O MUNDO perdeu a cabeça. Não é para brincar. A cabeça e, por vezes, um ou outro membro. Assim é revelado em Lusaka, capital da distante Zâmbia, onde por entre a poeira dos dias, escaparates bem improvisados sublinham ingenuamente a realidade vivida aqui e ali.
Na penumbra do tórrido quotidiano aguarda-se pela potencial clientela que passa a velocidades moderadas. Neste stand vendem-se os últimos modelitos, e não supostamente por “liquidação total”. Trata-se de modelitos também encontráveis nas ruas de Pequim, Ancara ou Quito. A isto, chamam-lhe, entre outras coisas, globalização. E os vestidos, ostentados por manequins caucasianos, acompanham-se com cebola, em sacos de dez quilos, de forma a que o choro seja disfarçado com motivações várias e de catárses outras.

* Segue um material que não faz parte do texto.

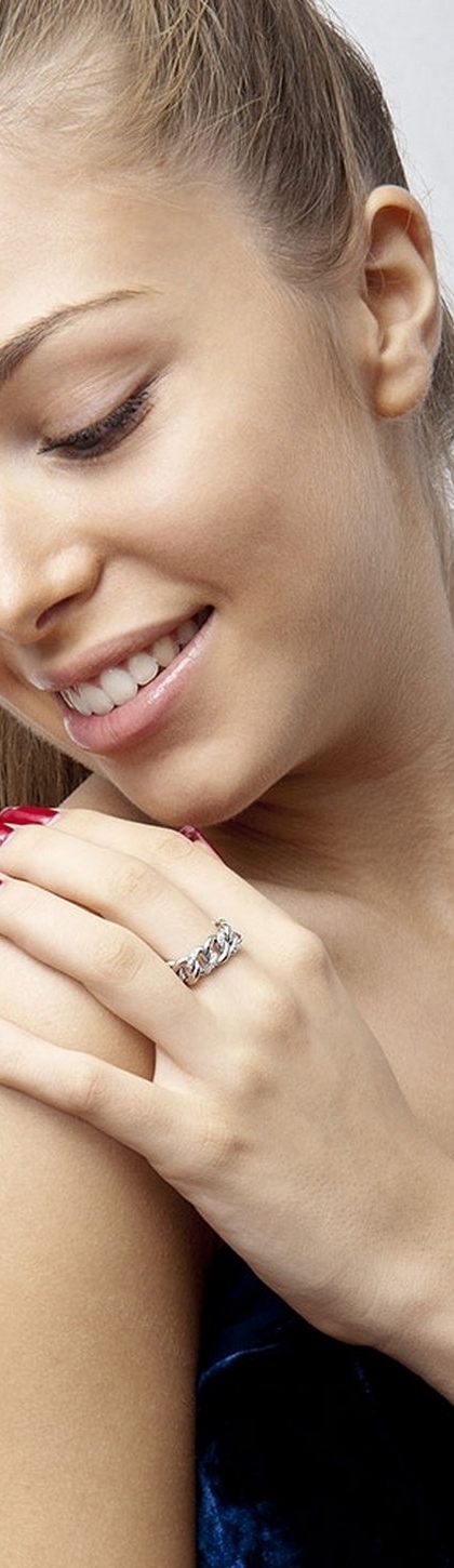 Anello maglia groumette in Oro bianco 18k con 3 maglie incastonate di diamanti

Por entre o espaço de vendas entrevê-se um cartaz do britânico Barclays Bank. Conhecido por ter financiado o regime do Apartheid da África do Sul (“Boerclaysbank”), pelo envolvimento em lavagens de dinheiro em África e noutras latitutes, por colaborar com o tiranete vizinho, Robert Mugabe, mas sobretudo por continuar a financiar e estar directamente envolvido no comércio de armas ao nível global. Armas que não desmembram ou decapitam manequins avitrinados mas gente de verdade.
As estradas e cruzamentos anónimos oferecem mensagens mais ou menos subliminares, ilustrando as complexas ligações entre cá e acolá, e de como o mundo perdeu cabeça.